→ Exercise directions
Please restate every entry exactly. Leave out the pictures.

(Beginning of Given data)

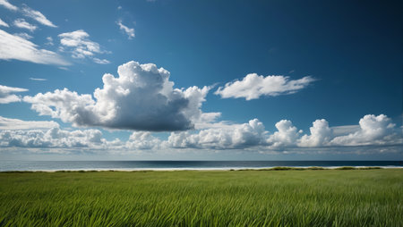 A breathtaking view of a lush green field meets a vivid blue sky filled with fluffy white clouds, creating a serene and inviting atmosphere perfect for nature lovers.
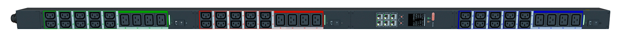 Блок распределения питания Elemy IPDU-5916 верт.размещ. 12xC19 30xC13 с мониторингом 32A IEC 60309 2.4м
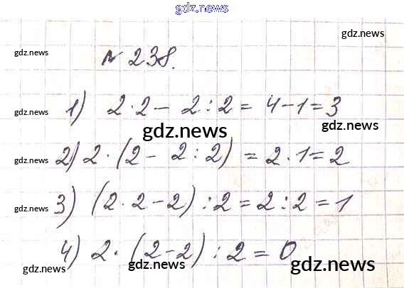 Как эффективно готовиться к домашним заданиям по Математике за 5 класс: лучшие стратегии и советы на gdz.news. Здесь подготовлен Учебник Дорофеев, Шарыгин, Суворова, Бунимович, Кузнецова, Минаева, Рослова - 3.3. Порядок действий в вычислениях 238 и готовые ответы к ним. Сверяй домашку и получай отличные оценки!
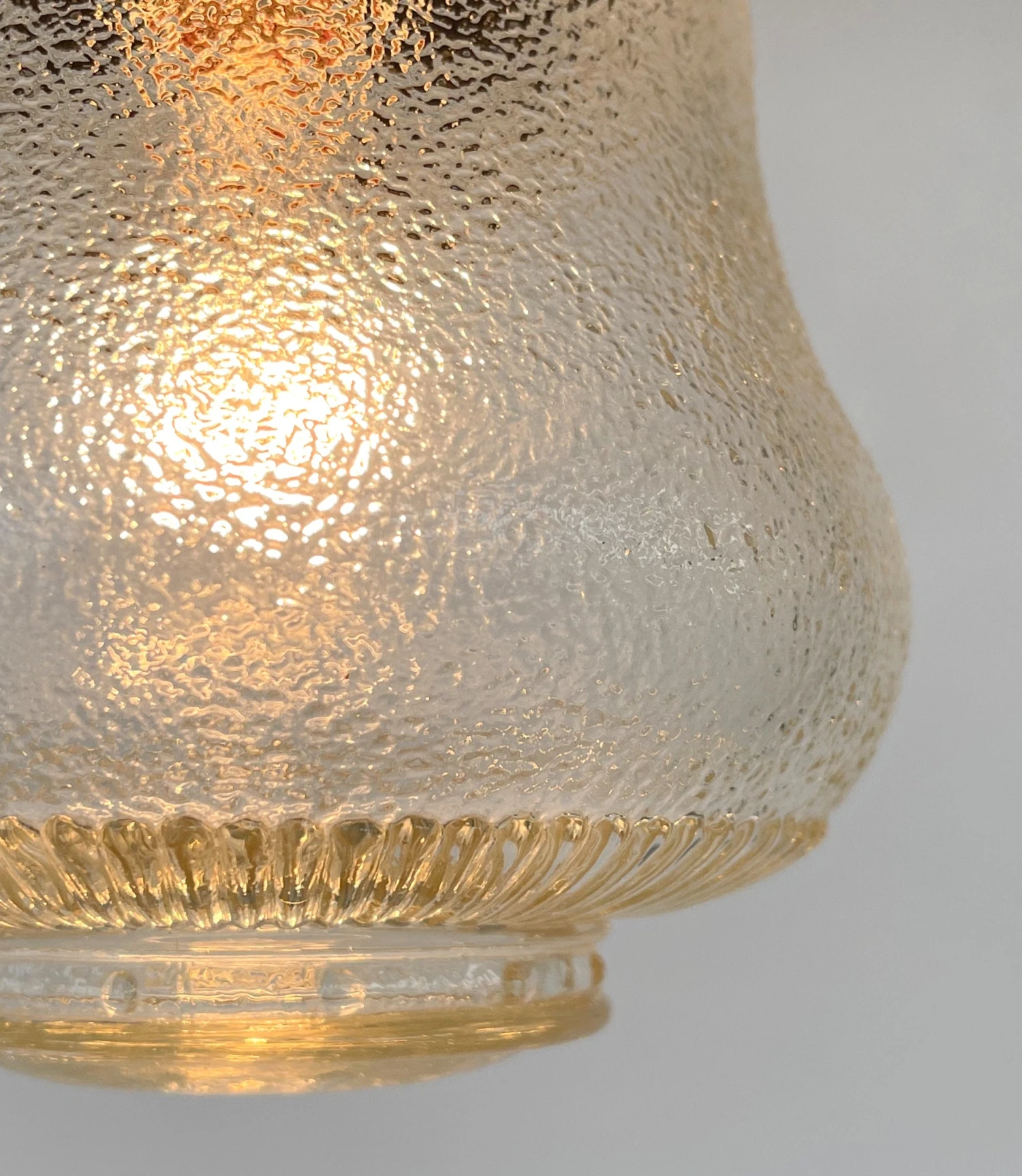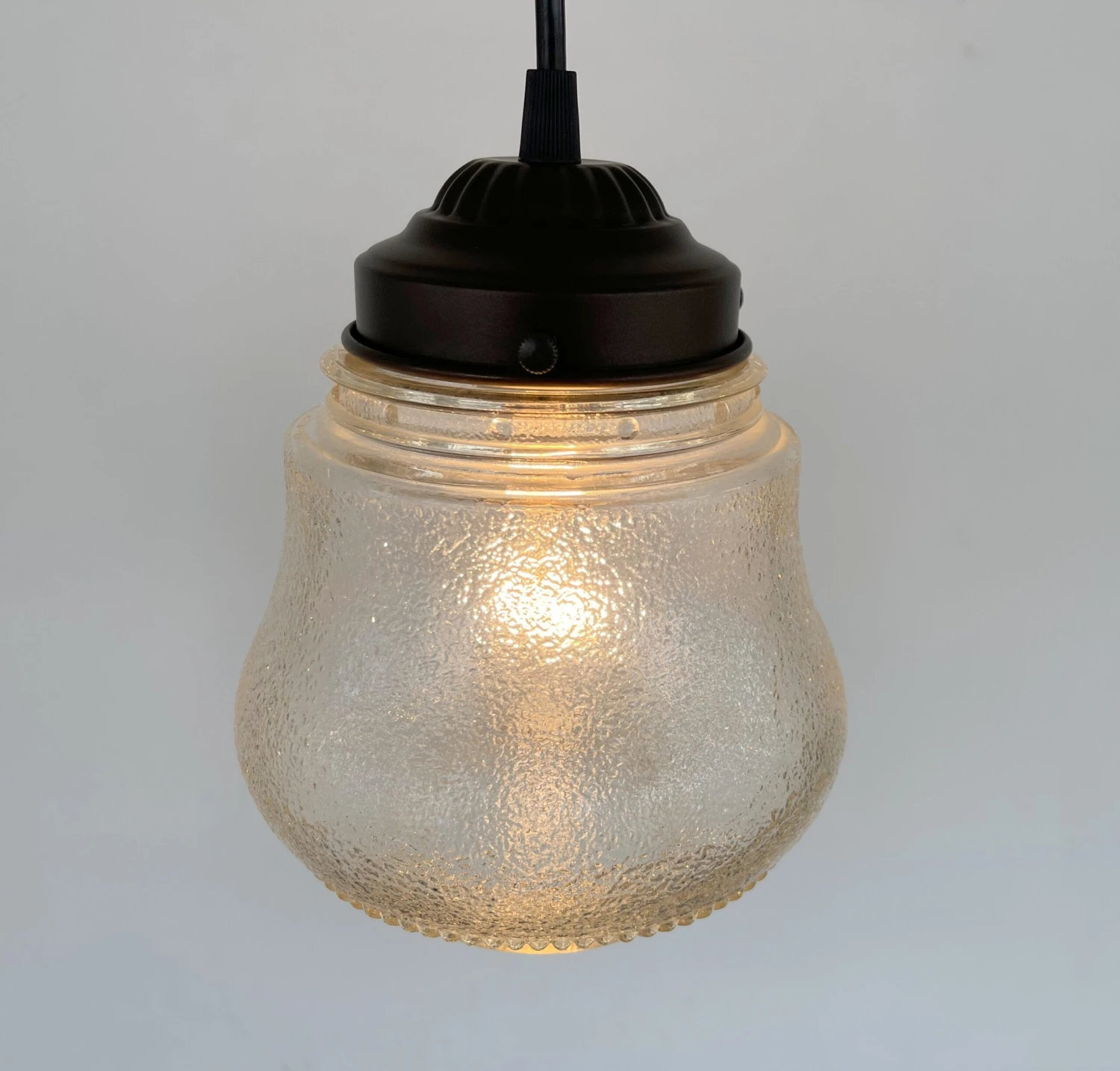 Features a vintage Amber glass pendant light globe with a pebble finish has been updated and ready for your home. This antique amber glass hanging lighting would be perfect for your kitchen, dining room or bathroom fixtures.
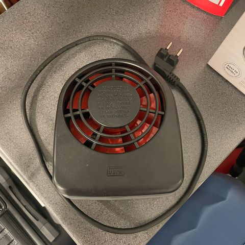 Defa auton sisätilalämmitin, kiinnityslevy ja 2,5 m. johto. Vähän käytetty ja ehjä. Tyyppinumero 430056. Teho 1400 W.
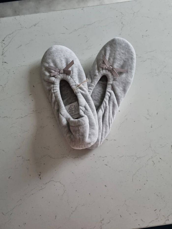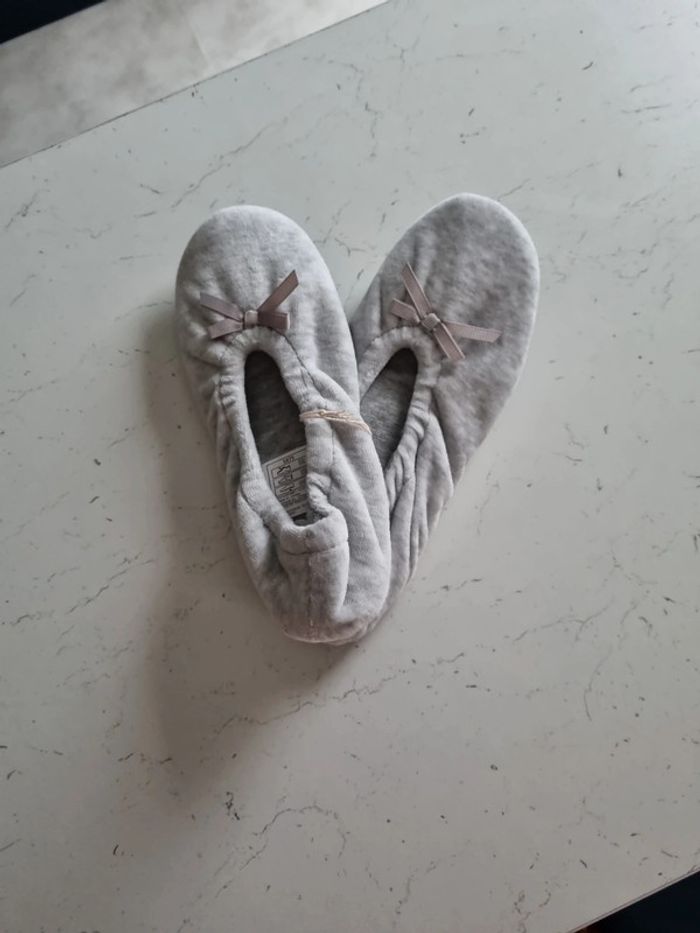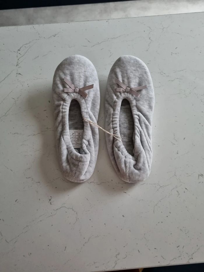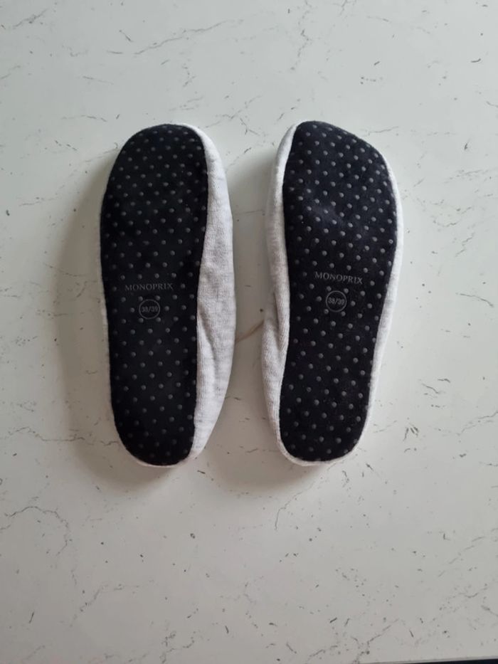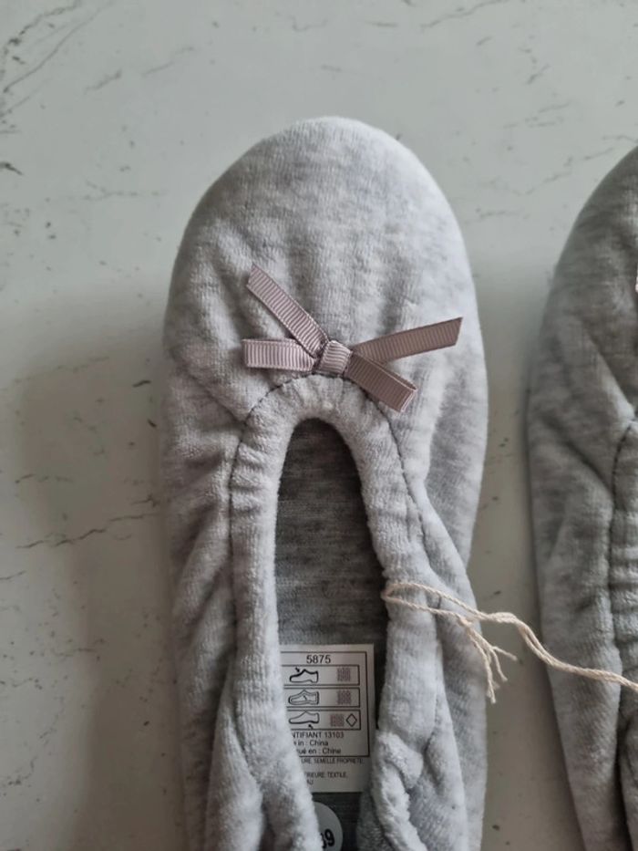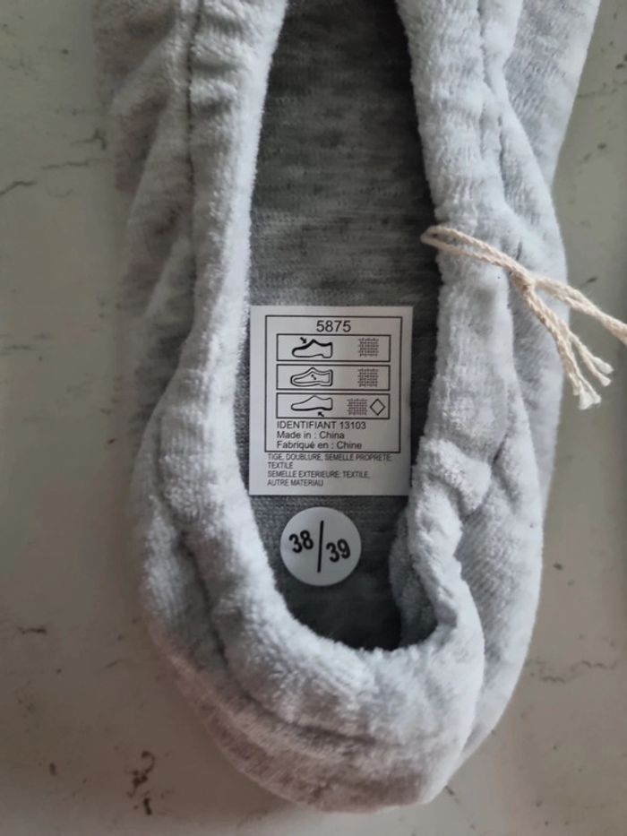 Chaussons en velours gris Noeud ton sur ton cousu au dessus Finition élastiquée Intérieur en maille éponge Semelle souple Dessous antidérapant MATIERE PRINCIPALE : 100% POLYESTER SEMELLE EXTERIEURE : 100% CAOUTCHOUC Neufs, jamais portés Taille : 38/39 Neufs, jamais portés

(End of Given data)

→ Task output
 A breathtaking view of a lush green field meets a vivid blue sky filled with fluffy white clouds, creating a serene and inviting atmosphere perfect for nature lovers.
 Блок распределения питания Elemy IPDU-5916 верт.размещ. 12xC19 30xC13 с мониторингом 32A IEC 60309 2.4м
 Как эффективно готовиться к домашним заданиям по Математике за 5 класс: лучшие стратегии и советы на gdz.news. Здесь подготовлен Учебник Дорофеев, Шарыгин, Суворова, Бунимович, Кузнецова, Минаева, Рослова - 3.3. Порядок действий в вычислениях 238 и готовые ответы к ним. Сверяй домашку и получай отличные оценки!
 Features a vintage Amber glass pendant light globe with a pebble finish has been updated and ready for your home. This antique amber glass hanging lighting would be perfect for your kitchen, dining room or bathroom fixtures.
 Defa auton sisätilalämmitin, kiinnityslevy ja 2,5 m. johto. Vähän käytetty ja ehjä. Tyyppinumero 430056. Teho 1400 W.
 Chaussons en velours gris Noeud ton sur ton cousu au dessus Finition élastiquée Intérieur en maille éponge Semelle souple Dessous antidérapant MATIERE PRINCIPALE : 100% POLYESTER SEMELLE EXTERIEURE : 100% CAOUTCHOUC Neufs, jamais portés Taille : 38/39 Neufs, jamais portés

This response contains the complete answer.